The forum was well attended by interested parties from all areas of Medicare including hospitals/ home health but I was proud to see the numbers that VGM brought to the forum. The DME industry was well represented and I know we got the point across that we wanted them to understand.

The VGM/US Rehab members sent me some very good examples of denials that should have never gotten past the first level of appeals. I was able to make contact with a very nice gentleman that listened to my concerns and was very appreciative of the examples we gave him.

I explained in detail the issues that we saw with the lower level of appeals that could be corrected and decrease the amount of claims that had to move on to the ALJ level.

The result, in my opinion, was well worth the trip to attend the forum.

The presentations were very well organized and the speakers were excellent.

Here is what became of our “examples” – the gentleman contacted the C2C contractor with the examples and went over our concerns. I have learned that a manager has them and is reviewing and correcting the issues. We have also been in contact with the C2C solutions through a member of the Jurisdiction D DAC team and they have expressed an interest in working with the DAC to have open communications with the industry to assist with improving the consistency and accuracy of the review process.

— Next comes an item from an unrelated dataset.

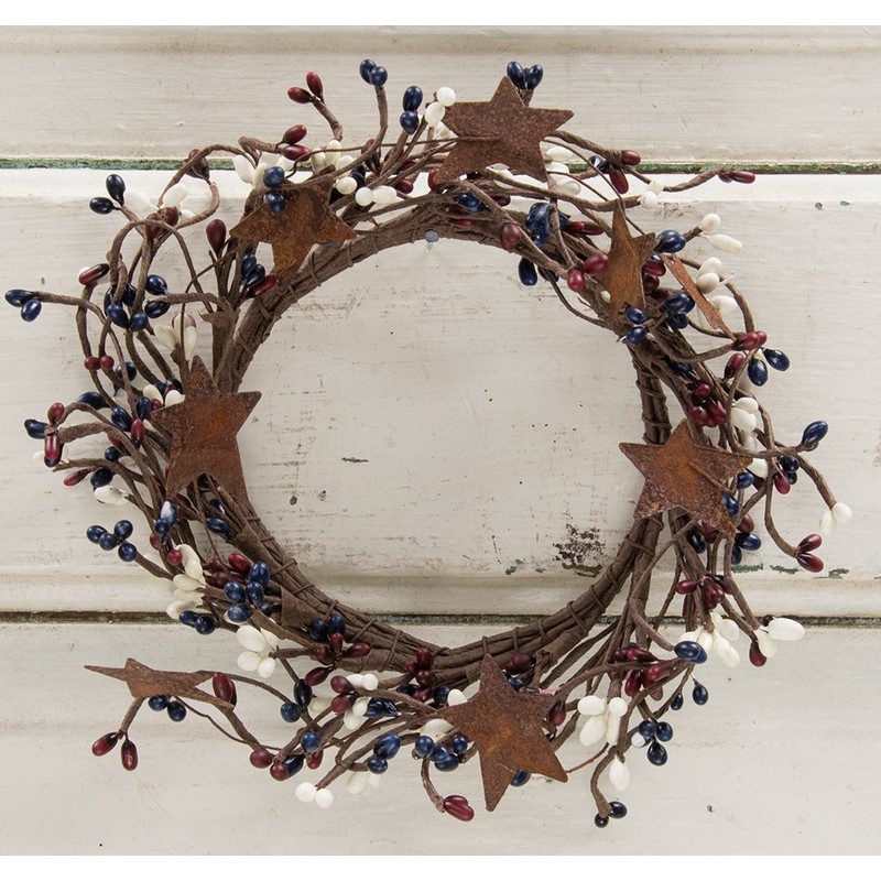 CWI Gifts 4-8" Colonial Mix Pip Ring w/Rusty Stars. Pip berry rings are versatile pieces that can be used as candle rings or mini wreaths. Hand- wrapped brown floral wire with small rusty stars and navy, burgundy and mustard berries. The wreath is 8" with a 4" opening.

CMS has also delayed any further additional RAC audits until the new contract has been assigned in 2014.

They will be giving instructions to the new contractor that they must respond to any requests from a supplier within 3 days from date of phone calls.

a.        We have been asked to assist in gathering documentation with specific issues we see and letting the C2C know if we do not receive timely call backs. I will suggest at this point if you have specific issues please forward them to me [email protected]  — We need the time and date you called; when and if you received a call back; if you did speak with someone what was the results of that conversation?  As always make sure you get the name or op ID; exactly what was discussed and date and time of the call.

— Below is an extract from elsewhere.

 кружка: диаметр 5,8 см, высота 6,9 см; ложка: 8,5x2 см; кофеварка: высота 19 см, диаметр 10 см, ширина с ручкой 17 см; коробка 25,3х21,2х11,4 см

b.     f you have specific items that are truly should not have denied. (something stating that the ______ was not received but it was clearly sent and you have your fax showing number of pages sent with date and time.

c.     Also suggest you make sure you send in a cover sheet that clearly states what is sent with page numbers showing the specific item sent.

If it relates to documentation in physician records or clinical notes that are not matching and not something that can clearly be resolved we would ask that these go through the appeals process.

 

Some tips from the ALJ forum relating to processing the ALJ easier and quicker.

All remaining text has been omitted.